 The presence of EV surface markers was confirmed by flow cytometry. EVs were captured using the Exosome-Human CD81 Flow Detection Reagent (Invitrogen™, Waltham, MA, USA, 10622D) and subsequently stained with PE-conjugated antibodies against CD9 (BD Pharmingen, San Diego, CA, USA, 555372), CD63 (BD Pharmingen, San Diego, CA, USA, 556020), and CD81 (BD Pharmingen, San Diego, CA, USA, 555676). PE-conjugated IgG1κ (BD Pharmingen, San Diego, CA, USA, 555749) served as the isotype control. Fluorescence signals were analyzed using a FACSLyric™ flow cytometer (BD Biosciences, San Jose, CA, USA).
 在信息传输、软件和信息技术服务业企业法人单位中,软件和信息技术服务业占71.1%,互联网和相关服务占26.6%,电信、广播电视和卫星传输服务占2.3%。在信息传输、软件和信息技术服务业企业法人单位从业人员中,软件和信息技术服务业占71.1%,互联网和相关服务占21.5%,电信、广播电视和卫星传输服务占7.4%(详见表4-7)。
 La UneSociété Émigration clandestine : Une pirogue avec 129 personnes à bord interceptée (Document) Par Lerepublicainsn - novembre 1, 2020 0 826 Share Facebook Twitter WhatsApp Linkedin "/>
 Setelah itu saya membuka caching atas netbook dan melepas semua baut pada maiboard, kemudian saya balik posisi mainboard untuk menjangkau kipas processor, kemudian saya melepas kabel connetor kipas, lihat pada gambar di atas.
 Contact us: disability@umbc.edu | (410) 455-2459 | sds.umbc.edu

* * *

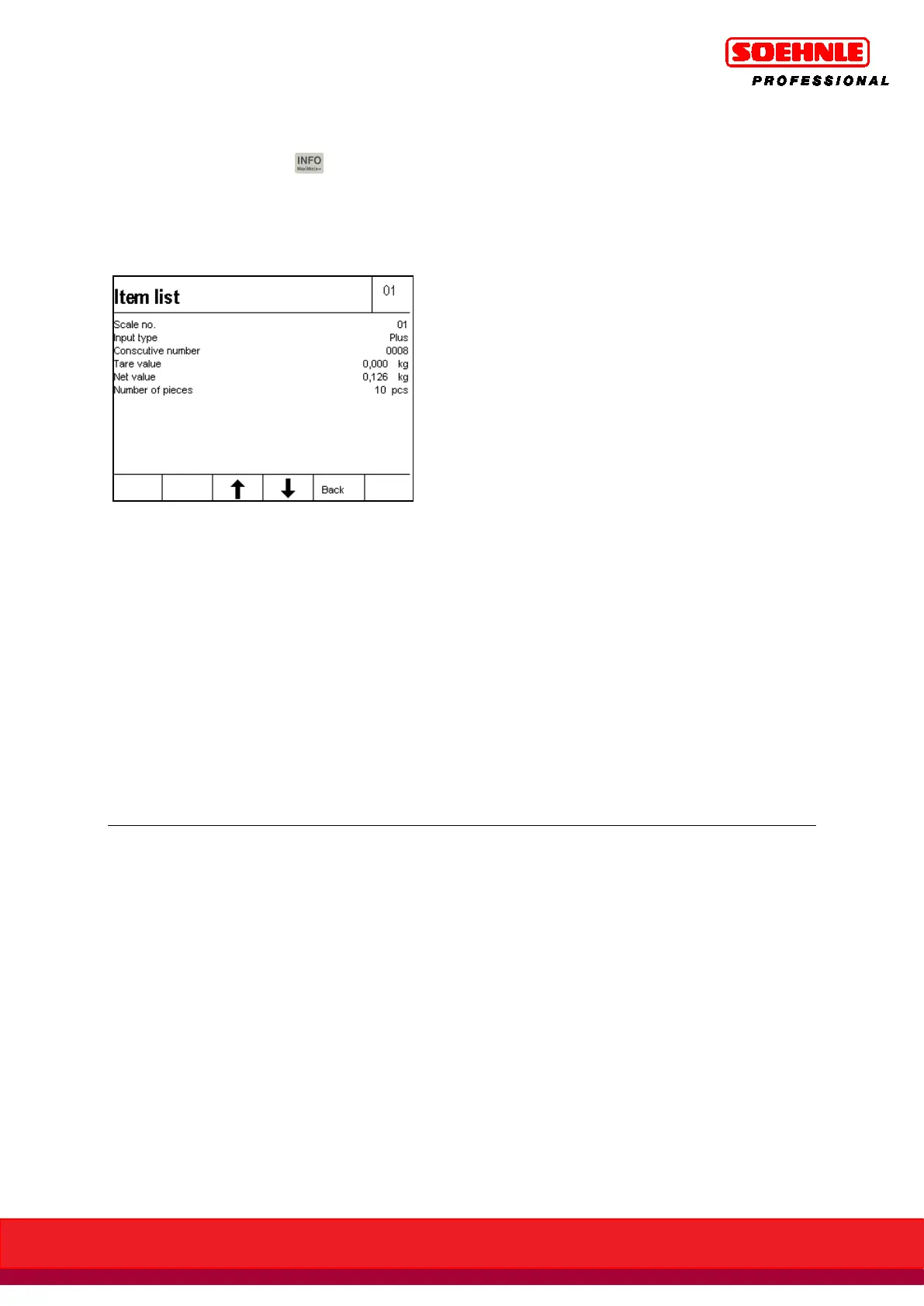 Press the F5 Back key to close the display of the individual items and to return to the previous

#### [YOUR GOAL]
All that is needed is the exact run of lines above from the line containing "在信息传输、软件和信息技术服务业企业法人单位中,软件和信" through the line containing "La UneSociété Émigration", both of them included.

#### [COMPLETED TASK]
 在信息传输、软件和信息技术服务业企业法人单位中,软件和信息技术服务业占71.1%,互联网和相关服务占26.6%,电信、广播电视和卫星传输服务占2.3%。在信息传输、软件和信息技术服务业企业法人单位从业人员中,软件和信息技术服务业占71.1%,互联网和相关服务占21.5%,电信、广播电视和卫星传输服务占7.4%(详见表4-7)。
 La UneSociété Émigration clandestine : Une pirogue avec 129 personnes à bord interceptée (Document) Par Lerepublicainsn - novembre 1, 2020 0 826 Share Facebook Twitter WhatsApp Linkedin "/>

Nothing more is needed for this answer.